(EXERCISE): An exact copy of the lines, starting at the top of the listing and ending with the line that has "All our wedding", is the required answer. Pictures are not part of it.

(AVAILABLE DATA):
____

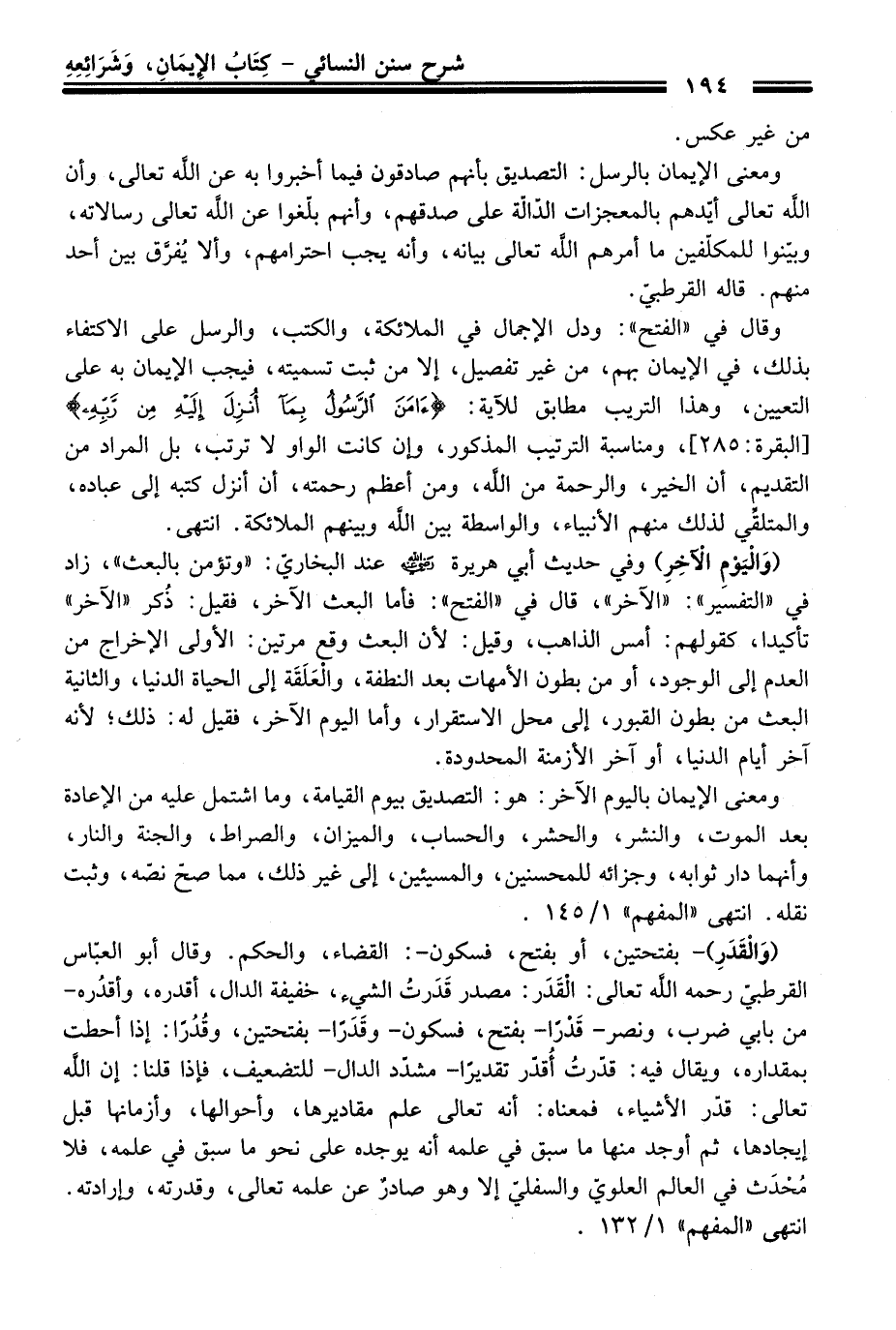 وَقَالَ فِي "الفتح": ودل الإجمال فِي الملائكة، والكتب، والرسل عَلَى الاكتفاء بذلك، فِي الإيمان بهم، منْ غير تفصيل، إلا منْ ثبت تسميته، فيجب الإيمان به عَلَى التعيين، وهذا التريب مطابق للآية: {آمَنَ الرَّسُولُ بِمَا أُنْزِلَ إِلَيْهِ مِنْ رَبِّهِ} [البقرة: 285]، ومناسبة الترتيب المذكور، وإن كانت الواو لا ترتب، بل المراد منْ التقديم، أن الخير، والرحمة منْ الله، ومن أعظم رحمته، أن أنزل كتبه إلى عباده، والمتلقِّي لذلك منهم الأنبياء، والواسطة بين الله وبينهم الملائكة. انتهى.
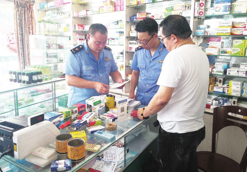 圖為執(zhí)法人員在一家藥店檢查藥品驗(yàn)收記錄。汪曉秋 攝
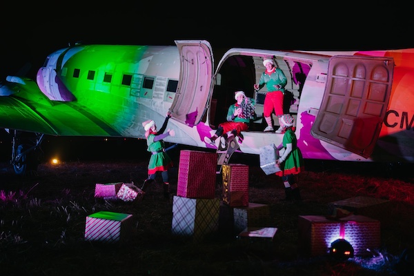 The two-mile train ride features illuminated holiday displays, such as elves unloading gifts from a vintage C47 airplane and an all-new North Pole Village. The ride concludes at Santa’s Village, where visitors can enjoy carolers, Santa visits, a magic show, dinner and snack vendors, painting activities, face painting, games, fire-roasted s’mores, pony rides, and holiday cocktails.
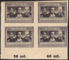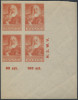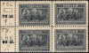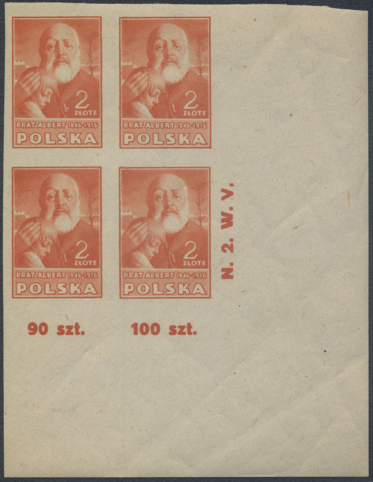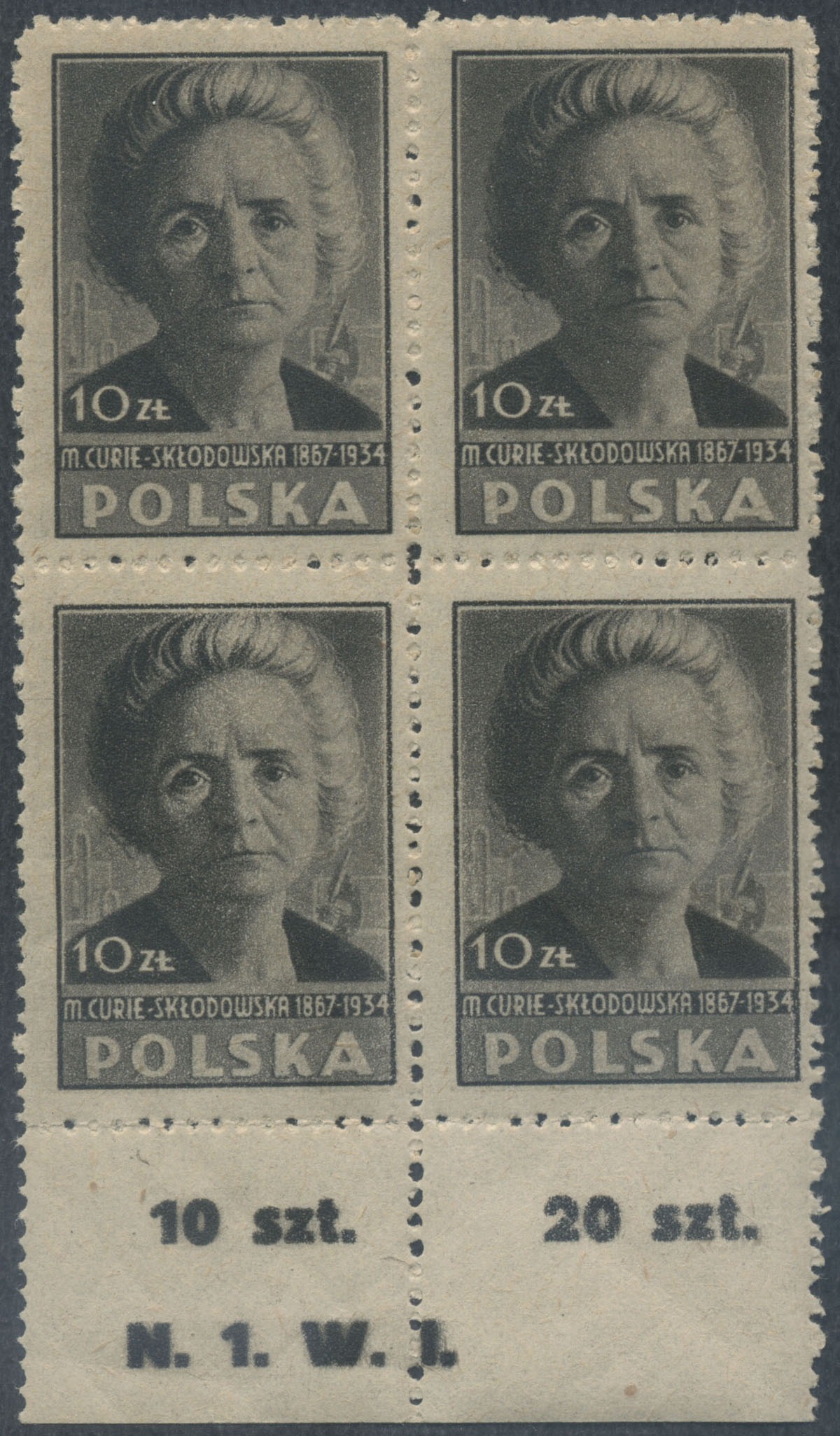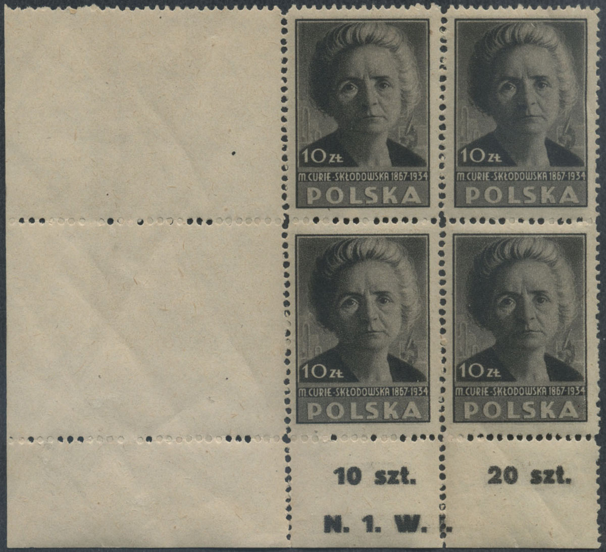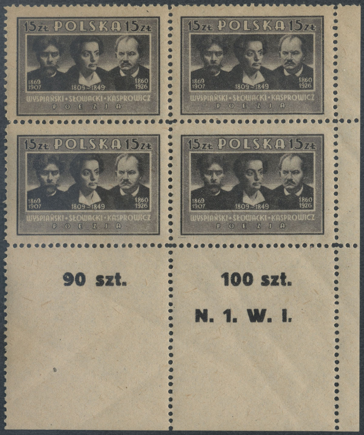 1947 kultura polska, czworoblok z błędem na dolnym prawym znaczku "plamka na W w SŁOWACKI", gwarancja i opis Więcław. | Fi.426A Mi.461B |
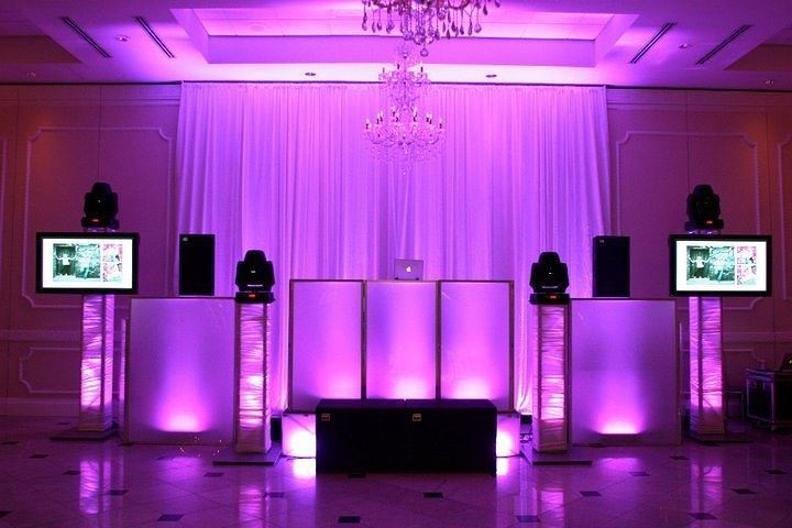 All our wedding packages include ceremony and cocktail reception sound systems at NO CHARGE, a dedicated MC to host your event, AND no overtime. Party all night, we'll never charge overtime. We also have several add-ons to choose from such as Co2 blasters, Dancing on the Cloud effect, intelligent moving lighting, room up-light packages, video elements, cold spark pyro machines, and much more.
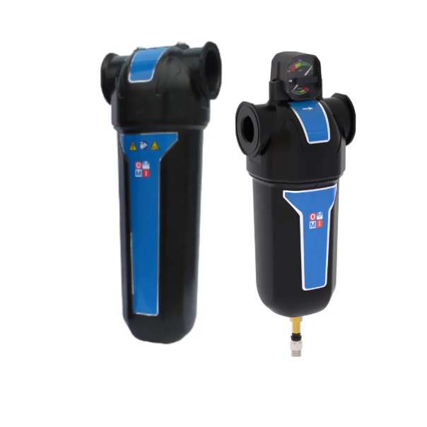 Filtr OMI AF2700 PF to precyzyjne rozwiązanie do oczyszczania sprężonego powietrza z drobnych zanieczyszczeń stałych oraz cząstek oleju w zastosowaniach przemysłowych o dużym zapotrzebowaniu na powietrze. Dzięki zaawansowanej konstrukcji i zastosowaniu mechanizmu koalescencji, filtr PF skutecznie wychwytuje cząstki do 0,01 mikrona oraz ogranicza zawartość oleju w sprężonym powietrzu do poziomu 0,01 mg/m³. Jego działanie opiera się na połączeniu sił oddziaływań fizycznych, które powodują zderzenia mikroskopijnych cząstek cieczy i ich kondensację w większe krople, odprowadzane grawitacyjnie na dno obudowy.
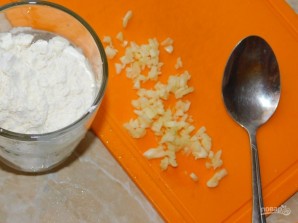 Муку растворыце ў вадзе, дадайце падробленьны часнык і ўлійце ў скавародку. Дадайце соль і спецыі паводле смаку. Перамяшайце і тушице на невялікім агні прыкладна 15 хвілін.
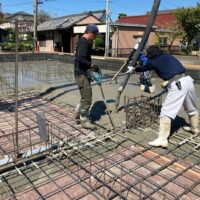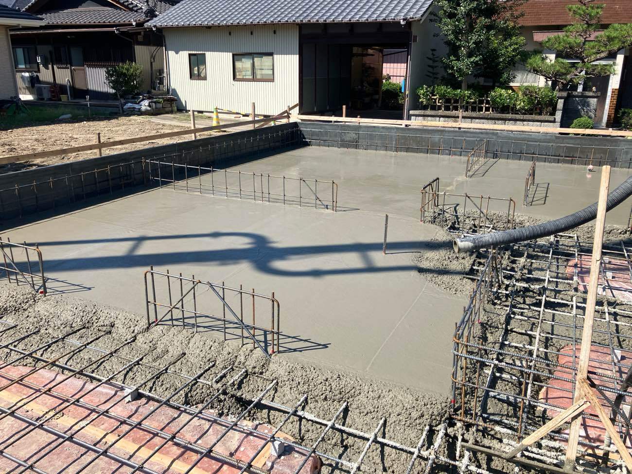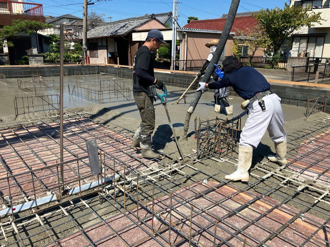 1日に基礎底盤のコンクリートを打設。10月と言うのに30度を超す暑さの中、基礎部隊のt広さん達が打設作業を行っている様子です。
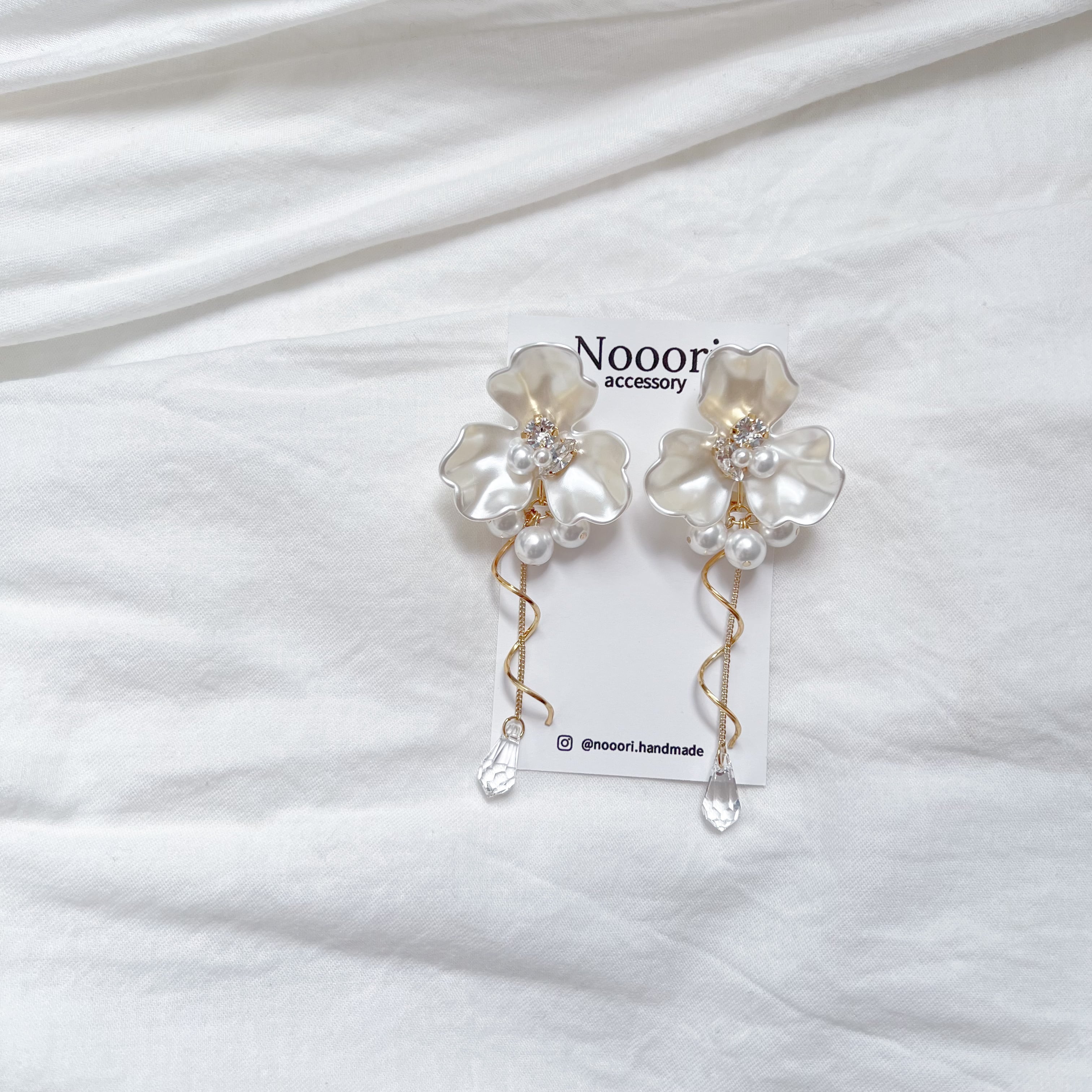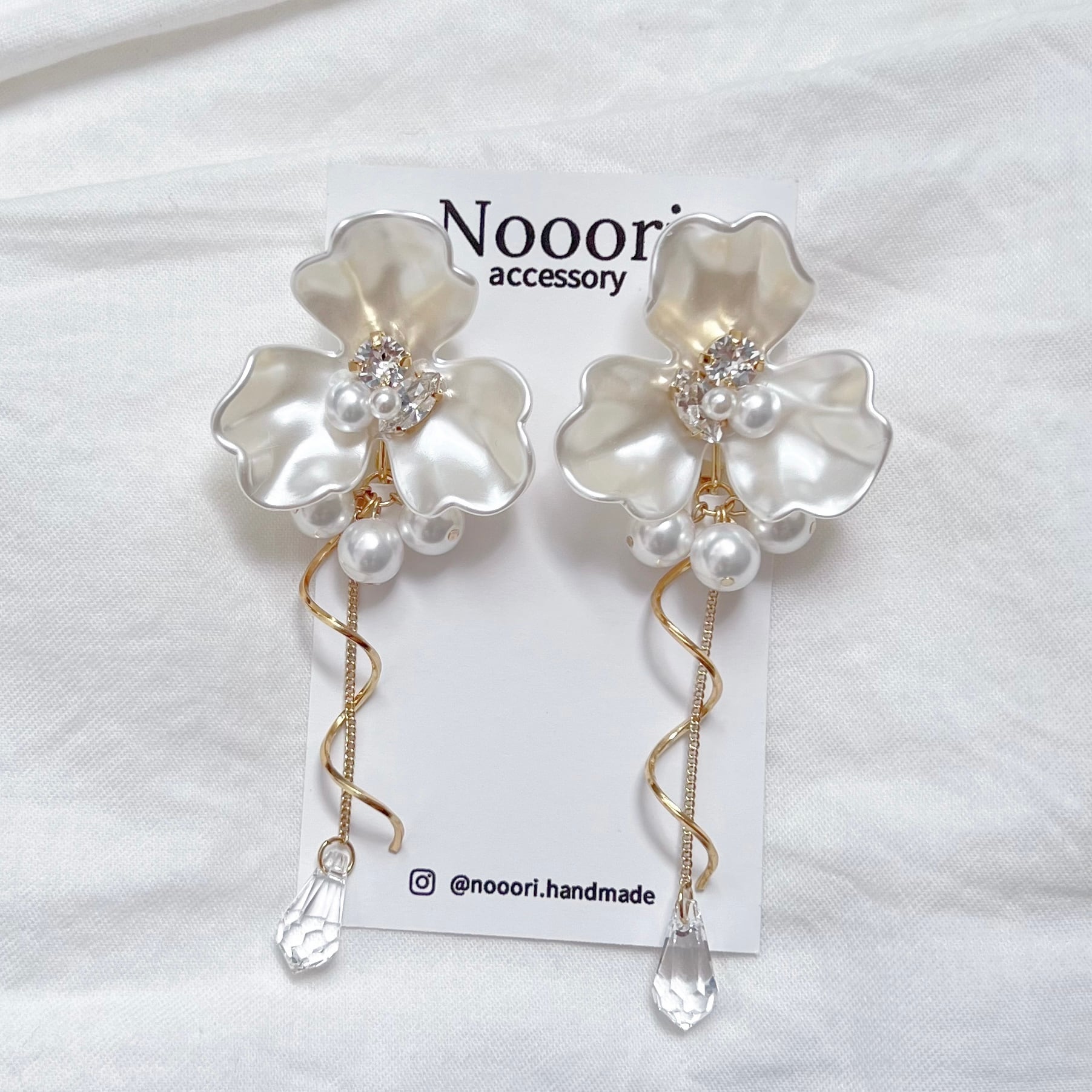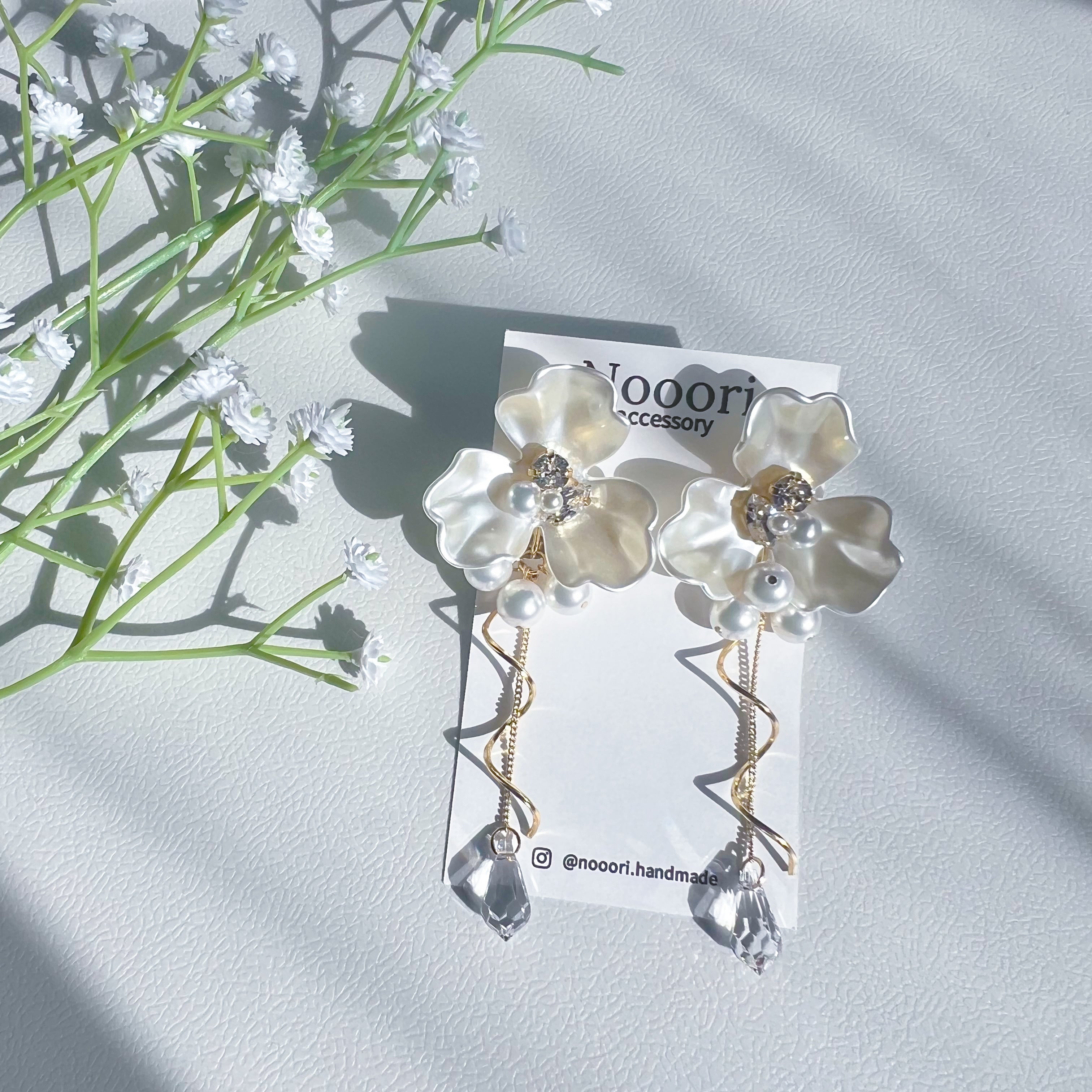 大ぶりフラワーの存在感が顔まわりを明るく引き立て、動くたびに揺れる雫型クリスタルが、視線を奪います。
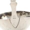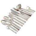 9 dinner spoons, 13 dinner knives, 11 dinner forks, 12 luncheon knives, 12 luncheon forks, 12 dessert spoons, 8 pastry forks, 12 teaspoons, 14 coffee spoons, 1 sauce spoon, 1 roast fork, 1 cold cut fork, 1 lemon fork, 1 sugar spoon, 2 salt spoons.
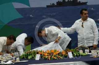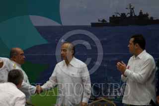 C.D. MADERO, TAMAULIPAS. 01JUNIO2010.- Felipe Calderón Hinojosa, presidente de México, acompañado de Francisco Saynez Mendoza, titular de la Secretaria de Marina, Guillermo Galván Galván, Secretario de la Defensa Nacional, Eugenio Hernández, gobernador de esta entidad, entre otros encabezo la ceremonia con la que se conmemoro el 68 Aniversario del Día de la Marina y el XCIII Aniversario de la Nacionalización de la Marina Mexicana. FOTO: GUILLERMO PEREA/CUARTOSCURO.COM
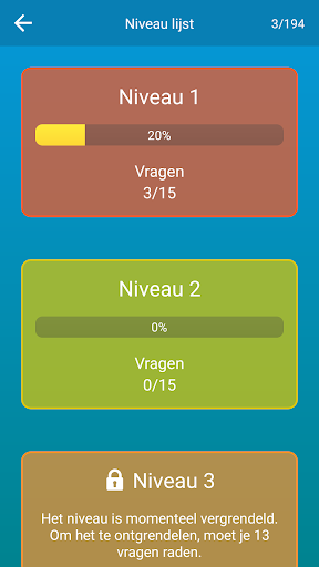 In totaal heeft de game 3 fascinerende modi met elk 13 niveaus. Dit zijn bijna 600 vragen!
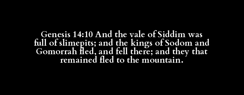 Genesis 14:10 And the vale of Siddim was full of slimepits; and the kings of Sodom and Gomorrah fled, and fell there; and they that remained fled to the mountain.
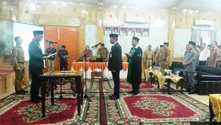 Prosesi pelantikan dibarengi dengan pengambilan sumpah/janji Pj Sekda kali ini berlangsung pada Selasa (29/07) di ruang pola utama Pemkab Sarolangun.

____

(EXERCISE SOLUTION):
 وَقَالَ فِي "الفتح": ودل الإجمال فِي الملائكة، والكتب، والرسل عَلَى الاكتفاء بذلك، فِي الإيمان بهم، منْ غير تفصيل، إلا منْ ثبت تسميته، فيجب الإيمان به عَلَى التعيين، وهذا التريب مطابق للآية: {آمَنَ الرَّسُولُ بِمَا أُنْزِلَ إِلَيْهِ مِنْ رَبِّهِ} [البقرة: 285]، ومناسبة الترتيب المذكور، وإن كانت الواو لا ترتب، بل المراد منْ التقديم، أن الخير، والرحمة منْ الله، ومن أعظم رحمته، أن أنزل كتبه إلى عباده، والمتلقِّي لذلك منهم الأنبياء، والواسطة بين الله وبينهم الملائكة. انتهى.
 圖為執(zhí)法人員在一家藥店檢查藥品驗(yàn)收記錄。汪曉秋 攝
 The two-mile train ride features illuminated holiday displays, such as elves unloading gifts from a vintage C47 airplane and an all-new North Pole Village. The ride concludes at Santa’s Village, where visitors can enjoy carolers, Santa visits, a magic show, dinner and snack vendors, painting activities, face painting, games, fire-roasted s’mores, pony rides, and holiday cocktails.
 1947 kultura polska, czworoblok z błędem na dolnym prawym znaczku "plamka na W w SŁOWACKI", gwarancja i opis Więcław. | Fi.426A Mi.461B |
 All our wedding packages include ceremony and cocktail reception sound systems at NO CHARGE, a dedicated MC to host your event, AND no overtime. Party all night, we'll never charge overtime. We also have several add-ons to choose from such as Co2 blasters, Dancing on the Cloud effect, intelligent moving lighting, room up-light packages, video elements, cold spark pyro machines, and much more.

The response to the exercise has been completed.